__How to complete this task__
Write each line of the material exactly as given, from the top through the line that contains "Платье очень красивое, низ", and omit all pictures.

__Data shown__
--*--

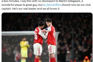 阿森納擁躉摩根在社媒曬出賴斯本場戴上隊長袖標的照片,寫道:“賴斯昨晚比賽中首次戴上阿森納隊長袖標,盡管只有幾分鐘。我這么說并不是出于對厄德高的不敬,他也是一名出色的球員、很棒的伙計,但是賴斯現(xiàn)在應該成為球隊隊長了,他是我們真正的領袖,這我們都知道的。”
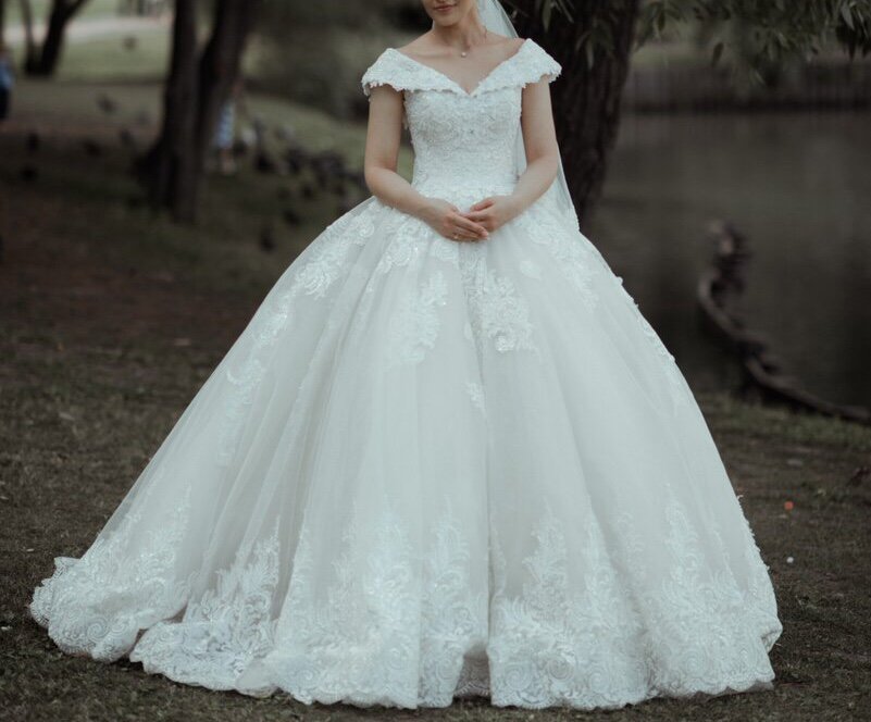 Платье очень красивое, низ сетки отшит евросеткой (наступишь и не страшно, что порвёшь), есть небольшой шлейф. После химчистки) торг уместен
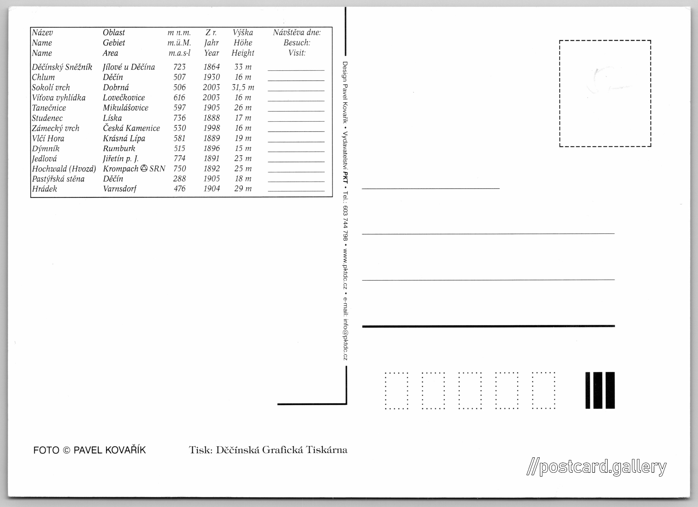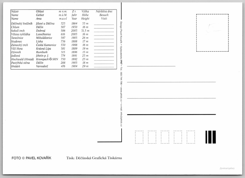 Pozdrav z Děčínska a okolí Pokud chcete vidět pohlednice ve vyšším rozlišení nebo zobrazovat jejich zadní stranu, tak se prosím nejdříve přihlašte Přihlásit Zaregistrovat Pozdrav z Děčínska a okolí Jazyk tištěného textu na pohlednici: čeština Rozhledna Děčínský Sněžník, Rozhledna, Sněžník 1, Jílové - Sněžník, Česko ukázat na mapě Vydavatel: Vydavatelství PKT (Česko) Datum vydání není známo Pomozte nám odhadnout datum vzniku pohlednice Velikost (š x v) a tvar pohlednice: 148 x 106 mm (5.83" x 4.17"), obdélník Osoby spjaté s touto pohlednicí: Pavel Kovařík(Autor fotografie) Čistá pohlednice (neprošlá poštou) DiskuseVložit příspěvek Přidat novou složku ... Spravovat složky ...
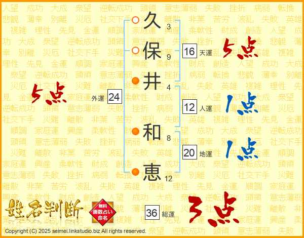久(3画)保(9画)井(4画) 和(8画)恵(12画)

--*--

__Exercise answer__
 阿森納擁躉摩根在社媒曬出賴斯本場戴上隊長袖標的照片,寫道:“賴斯昨晚比賽中首次戴上阿森納隊長袖標,盡管只有幾分鐘。我這么說并不是出于對厄德高的不敬,他也是一名出色的球員、很棒的伙計,但是賴斯現(xiàn)在應該成為球隊隊長了,他是我們真正的領袖,這我們都知道的。”
 Платье очень красивое, низ сетки отшит евросеткой (наступишь и не страшно, что порвёшь), есть небольшой шлейф. После химчистки) торг уместен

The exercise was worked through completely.